Um novo governo democrático: a democracia deliberativa
Chegámos a uma etapa da democracia contemporânea, na Europa e até fora dela, em que facilmente concluímos que os governos representativos, tal como os conhecemos, já não parecem suficientes para responder às verdadeiras exigências democráticas, logo às efectivas necessidades das populações e às expectativas das pessoas, das empresas, enfim, das sociedades no seu conjunto.
A construção dos Estados nacionais traduziu-se, desde finais do séc. XVIII, por uma nova formulação do contrato político. A afirmação do princípio democrático conduziu à ideia de que era o conjunto dos cidadãos que constituía a verdadeira fonte de todo o poder, ou seja, não há outra autoridade legítima a não ser aquela que emana do povo. Na prática, não há limites aceitáveis salvo os que se apoiam no consentimento popular. Foi isto que teorizaram grandes filósofos da política, como J.J.Rousseau, A. de Tocqueville, S. Mill, entre outros na linha democrática.
Foi, aliás, este princípio democrático o elemento veiculado pela lógica representativa, que envolve determinadas modalidades de organização do poder, i.é, o povo não é directamente responsável pela gestão da coisa pública, são os seus representantes eleitos que estão investidos do poder de decidir em seu nome. Assim, e ao invés da tradicional concepção da democracia participativa em que se realizava a participação directa dos cidadãos na vida da polis, a democracia moderna foi criada a fim de operar através de representantes eleitos pelos cidadãos, num contexto de uma competição organizada e em que esses candidatos se apresentam a eleições através de partidos políticos. E são esses sujeitos políticos, os representantes, que são mantidos no poder através de um controlo permanente da opinião pública.
Mas se teoricamente as coisas são assim, na sua dimensão prática essas mesmas relações assumem contornos distintos. Cabendo, de facto, aos governantes o poder efectivo que lhes foi delegado pelos cidadãos, e, não raro, representam-nos mal, por vezes de forma criminosa e impune.

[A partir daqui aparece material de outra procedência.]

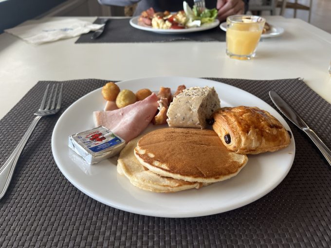 水上コテージは、朝食ビュッフェも種類が豊富でワクワクしました。目の前で焼いてくれるパンケーキがモチモチしていて美味しかったです!

O reconhecimento da impotência da chamada democracia representativa (DR), que também não foi melhorada pelas chamadas "democracias populares" da década de 90 dominante nos países socialistas que operavam na órbita soviética, veio colocar a tónica na necessidade de fazer progredir a democracia representativa através duma outra forma de democracia: a democracia deliberativa, porquanto a DR deixou de responder às necessidades dos cidadãos e às novas exigências democráticas. Desta feita, dizer que os cidadãos são governado através dos seus representantes, é reduzir os seus direitos políticos e a matar o ideal democrático que pressupõe que os cidadãos disponham sempre do controlo sobre os seus representantes assim como o controlo sobre as escolhas públicas feitas pelos governos em exercício de funções.
Só assim a democracia se torna activa, o que é incompatível com a situação a que hoje assistimos em inúmeros países da Europa que se encontram em regime de protectorado, já que os cidadãos não são senhores dos destinos a que as suas políticas públicas conduzem, estão privados dos seus mais elementares direitos. É como estar liberdade, mas em regime de prisão preventiva. Os direitos, liberdades e garantias existem na Constituição, mas, na prática, as populações estão privadas do acesso ao emprego, os salários são-lhes confiscado, mesmo com decisões contrárias dos tribunais, a carga fiscal é draconiana e inconstitucional, etc.
Donde a necessidade de a democracia representativa ver complementados e corrigidos os seus ineficazes mecanismos por elementos de democracia semidirecta, com o fito de corrigir aqueles abusos que se interpuseram entre governantes e governados.
A prática referendária, que visa assegurar que os cidadãos possam dar mais continuidade à democracia, a associação de grupos de pessoas a participar mais e melhor nos processos de tomada de decisão, e também os grupos de interesse e das corporações em geral, poderiam solicitar uma participação global mais intensa do público cujo resultado final seria uma melhoria das ideias e dos projectos políticos com vista ao aperfeiçoamento da máquina legislativa, ou seja, ter menos e melhores leis que permitissem uma mais eficaz governação. O conjunto destas mudanças, segundo Habermas, poderá ser a prova do empenhamento e de promoção de um modelo de políticas deliberativas que reforçaria as condições de governabilidade das sociedades contemporâneas.
Desta feita, convergiriam para um mesmo ponto de luz os princípios e os fundamentos da lógica democrática, a qual agora beneficia duma permanente vigilância das redes sociais suportadas pela internet, que permite intensificar o fluxo das opiniões e das propostas políticas que influenciam (ou podem influenciar) as decisões finais.
Talvez assim a democracia deliberativa possa valorizar as ineficientes democracias representativa e participativa e, ao mesmo tempo, vincular os cidadãos para um maior e mais responsável envolvimento nas escolhas colectivas.